Time Limit: 1000MS		Memory Limit: 65536K
Total Submissions: 13315		Accepted: 6393

Description

Like everyone else, cows like to stand close to their friends when queuing for feed. FJ has N (2 <= N <= 1,000) cows numbered 1..N standing along a straight line waiting for feed. The cows are standing in the same order as they are numbered, and since they can be rather pushy, it is possible that two or more cows can line up at exactly the same location (that is, if we think of each cow as being located at some coordinate on a number line, then it is possible for two or more cows to share the same coordinate). 

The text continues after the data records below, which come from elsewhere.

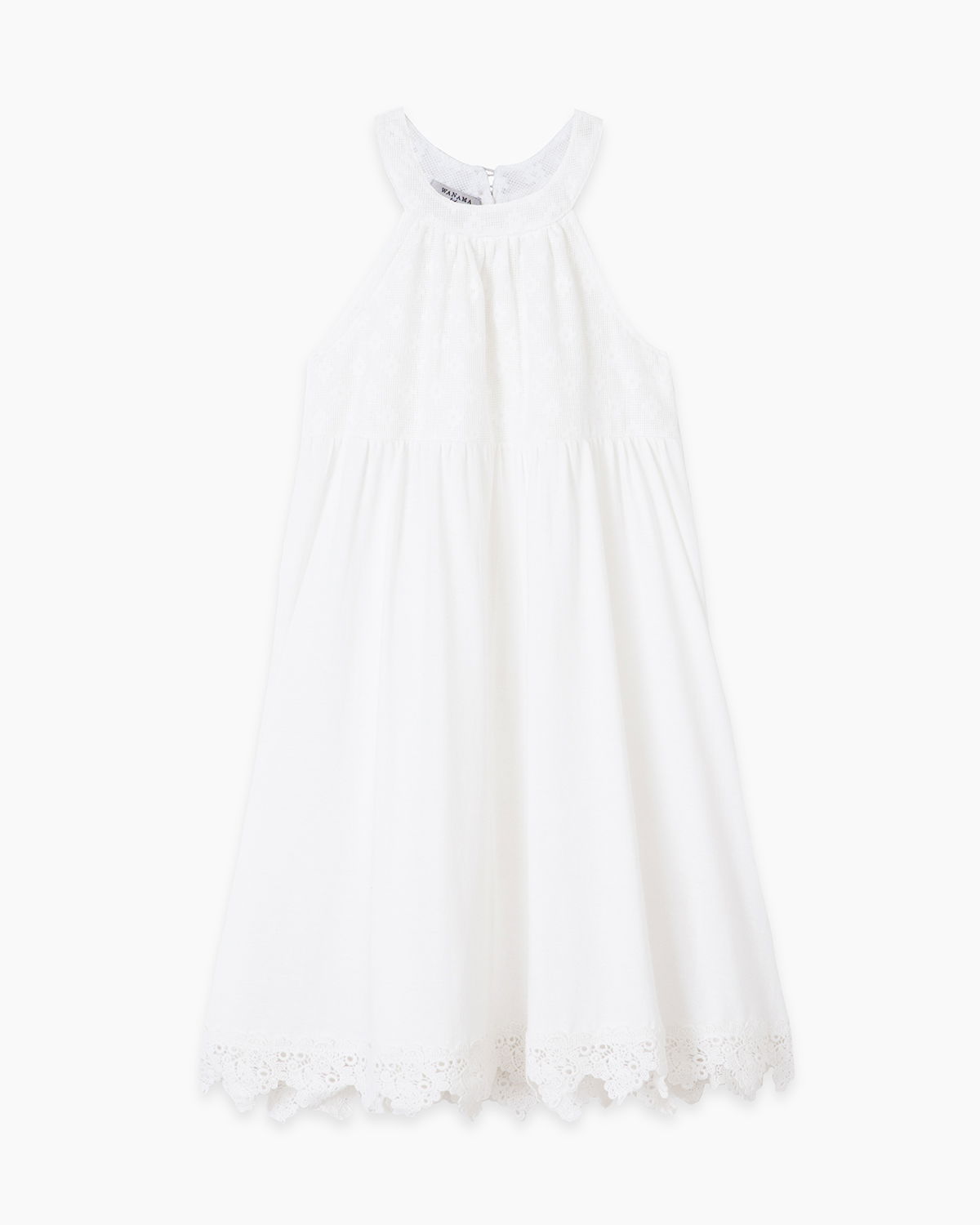 Vestido confeccionado en jersey 100% algodón con pechera de encaje. Posee escote en espalda que se abrocha mediante botones y ojales elásticos. Nos encanta usarlos con zapatillas para un look mas relajado y con sandalias para alguna ocasión especial.
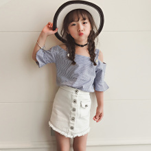 儿童裙子2017春装新款童装女童韩版磨边修身牛仔包臀裙中大童女
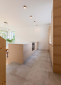 Obě bytové jednotky mají vlastní samostatný vstup. „Do nově přistavené části se vchází ve střední části domu, kde se zároveň nachází zmíněné kryté venkovní posezení. Vnitřní uspořádání domu je logické, obytné místnosti se nacházejí v přízemí a jsou orientované do soukromé části zahrady, zároveň k jihu,“ líčí architekt Šťastný a doplňuje: „Důležitou roli v nové části hraje spojení interiéru a exteriéru a celková prostorová vzdušnost.“ Vertikální propojení mezi přízemím a podkrovím se odehrává právě ve vstupní části. Dominantou je zde betonové, monolitické schodiště s dřevěným obložením. Ze vstupní chodby je přístupné také samostatné WC.
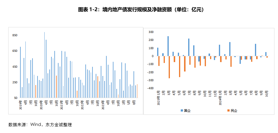 国企净融资额大幅回正,民企发行规模为零。10月国企发行规模为225.5亿元,同比、环比分别增长160.9%和29.2%,到期规模同比增长约44%,但环比下降7%,为178.4亿元,当月国企净融资额大幅回正至47.1亿元;民企方面,或受发行成本提升、发行难度增加等因素影响,当月无民企发行地产债,净融资额再度落入负值区间,当月净融资缺口为20.4亿元。
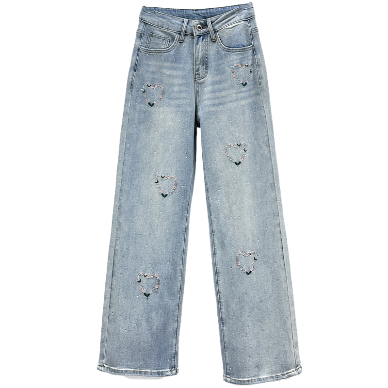 ins烫钻刺绣牛仔裤女薄款阔腿裤

Some cows like each other and want to be within a certain distance of each other in line. Some really dislike each other and want to be separated by at least a certain distance. A list of ML (1 <= ML <= 10,000) constraints describes which cows like each other and the maximum distance by which they may be separated; a subsequent list of MD constraints (1 <= MD <= 10,000) tells which cows dislike each other and the minimum distance by which they must be separated. 

Your job is to compute, if possible, the maximum possible distance between cow 1 and cow N that satisfies the distance constraints.

Input

Line 1: Three space-separated integers: N, ML, and MD. 

Lines 2..ML+1: Each line contains three space-separated positive integers: A, B, and D, with 1 <= A < B <= N. Cows A and B must be at most D (1 <= D <= 1,000,000) apart. 

Lines ML+2..ML+MD+1: Each line contains three space-separated positive integers: A, B, and D, with 1 <= A < B <= N. Cows A and B must be at least D (1 <= D <= 1,000,000) apart.

Output

Line 1: A single integer. If no line-up is possible, output -1. If cows 1 and N can be arbitrarily far apart, output -2. Otherwise output the greatest possible distance between cows 1 and N.

Sample Input

4 2 1
1 3 10
2 4 20
2 3 3

Sample Output

27

Hint

Explanation of the sample: 

There are 4 cows. Cows #1 and #3 must be no more than 10 units apart, cows #2 and #4 must be no more than 20 units apart, and cows #2 and #3 dislike each other and must be no fewer than 3 units apart. 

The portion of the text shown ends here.